You are viewing a plain text version of this content. The canonical link for it is here.
Posted to user@spark.apache.org by "Piubelli, Manuel " <ma...@citi.com.INVALID> on 2016/09/19 12:11:01 UTC

spark streaming slow checkpointing when calling Rserve


Hello,



I wrote a spark streaming application in Java. It reads stock trades off of a data feed receiver and converts them to Tick objects, and uses a microbatch interval, window interval and sliding interval of 10 seconds. A JavaPairDStream<String, Iterable<Tick>> is created where the key is the stock symbol.

The Tick objects are then stored in a JavaMapWithStateDStream using mapWithState; analytics calculations are performed in the mapWithState callback function using the Ticks as input. Everything works fine until I modified my program to also call Rserve inside the mapWithState callback function in order to perform additional analytics calculations in R.
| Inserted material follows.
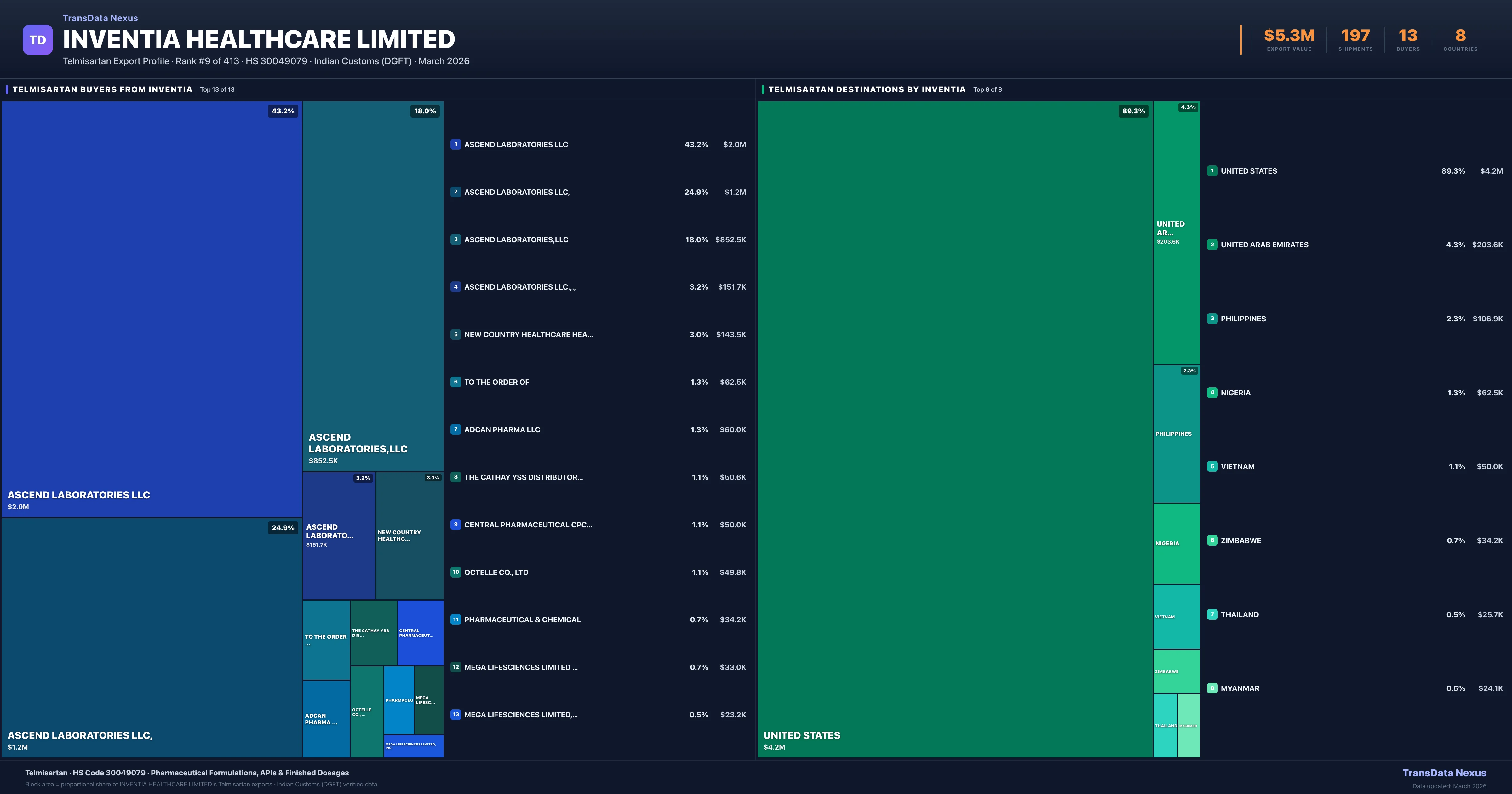 Inventia Healthcare Limited — Telmisartan Export Profile: Buyers & Destinations

When I started calling Rserve, every 10th window would take a long time to process; this is the window that also writes to the checkpoint file (I am using Hadoop). Every 10th window takes longer to process than the previous 10th window (window 30 takes longer than window 20 which takes longer than window 10). All of the non-checkpoint windows finish well within 10 seconds, but the checkpoint windows can eventually take minutes to complete, and the other windows queue behind them.

I then tried to set the checkpoint interval on the JavaMapWithStateDStream to 24 hours in order to effectively disable checkpointing (mapWithStateStream.checkpoint(Durations.minutes(1440))). I enabled the workers on the 3 server cluster with enough memory so that they would survive the growing memory usage that would result.

The results that I outputted to the log were unexpected. Previously the JavaPairDStream<String, Iterable<Tick>> was being populated with 5000 keys, and it still was. But, previously 5000 keys were being passed to the mapWithState callback function; now only 200 keys were being passed to it, and I see many stages skipped in the Spark Streaming UI web page. When I run this in single process mode on my MS Windows machine, 5000 keys are still passed to the mapWithState callback function.

Does anyone have any idea of why calling Rserve would cause such a huge increase in checkpointing time, or why calling checkpoint(Durations.minutes(1440)) on the JavaMapWithStateDStream would cause spark to not pass most of the tuples in the JavaPairDStream<String, Iterable<Tick>> to the mapWithState callback function?



Question is also posted on http://stackoverflow.com/questions/39535804/spark-streaming-slow-checkpointing-when-calling-rserve.



Thanks